This system is specfically designed to prepare data for the 'Science Discourse Tagger' https://github.com/BMKEG/sciDT orignally developed by Ed Hovy's group at CMU. These are UIMA pipelines that process open access articles from PubMed Central to generate split-clause data to be processed by sciDT. We also provide scripts to facilitate gathering training data from human annotations and export functions to our preferred output formats.

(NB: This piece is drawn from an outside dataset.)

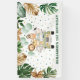 Este bonito diseño presenta un adorable ilustracion acuático de animales de safari y exuberante vegetación tropical en verde y dorado. Los campos de texto son completamente editables. Puede cambiar la redacción para que se ajuste a su evento, por ejemplo, cumpleaños, ducha de bebé / salpicadura, bautismo, bautismo, bautismo, día de nombres, etc
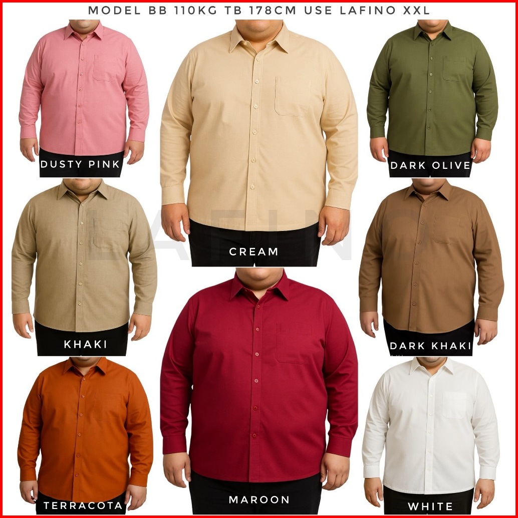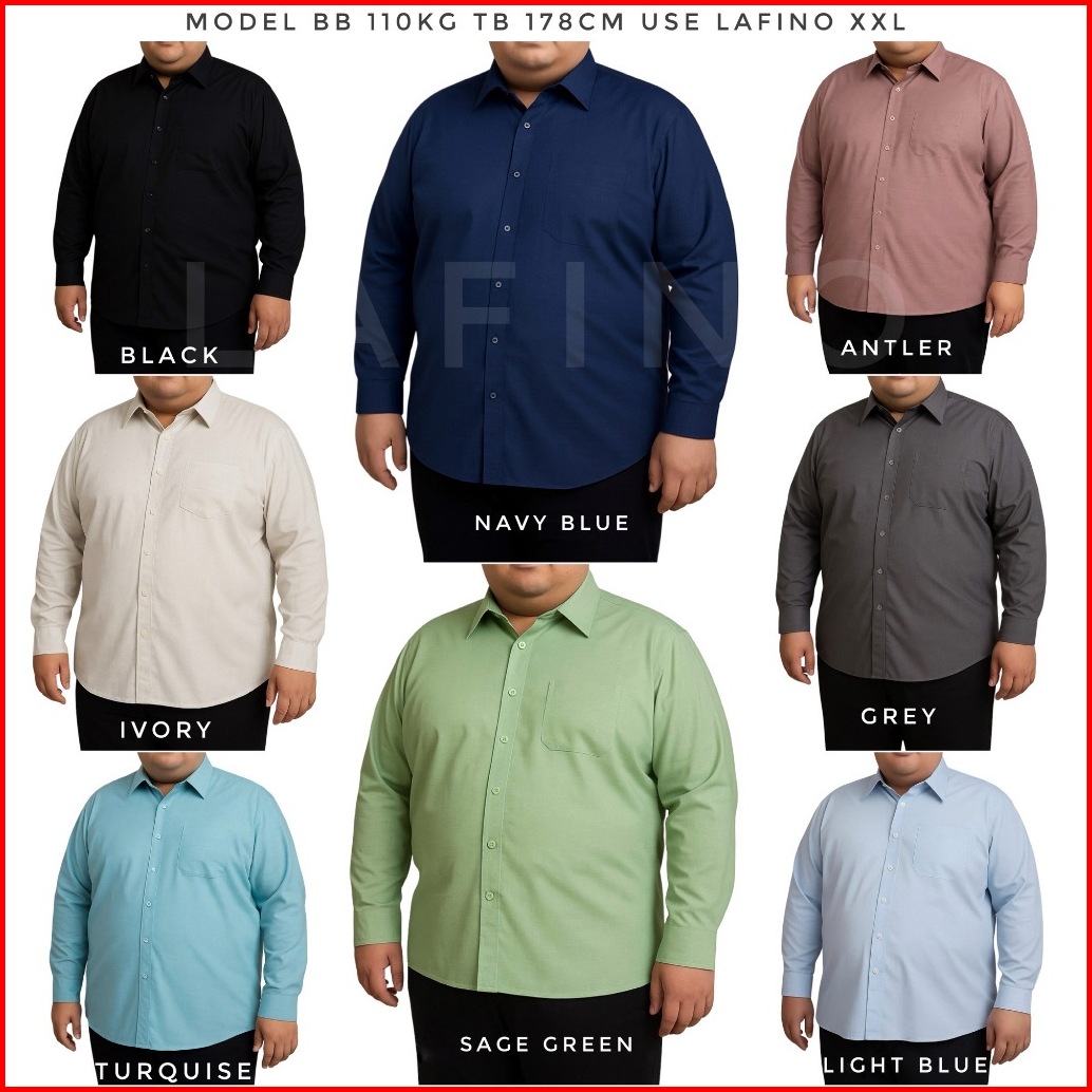 Lafino M L Xl 2xl 3xl 4xl Xxl Xxxl Xxxxl Heavyweight Rami Kemeja Panjang Jumbo Polos Bigsize Pria

- Install the necessary dependencies for
nxml2txt
:
sudo port install texlive-latex texlive-latex-recommended texlive-latex-extra py-lxml
- Install
nxml2txt
and add the binary to your$PATH
:
git clone https://github.com/spyysalo/nxml2txt.git
cd nxml2txt
chmod 755 nxml2txt nxml2txt.sh
- Clone and build this library
git clone https://github.com/BMKEG/sciDT-pipeline
cd sciDT-pipeline
mvn -DskipTests clean assembly:assembly
This will build a fully assembled jar file here:
- Running the system is best performed using the provided shell script that executes the
edu.isi.bmkeg.sciDT.bin.SciDT_0_Nxml2SciDT
class.
./runPipeline /path/to/folder/ #nThreads /path/to/nxml2txt/executable
Where #nThreads
is the number of threads we want to run the preprocessing pipeline on.
This should run to generate a number of files in subfolders. These are:
- nxml2txt
- bioc
- preprocessed_bioc_results
- scidt
- tsv
The input files for the main sciDT
system are in (A) the scidt
folder and (B) the tsv
folder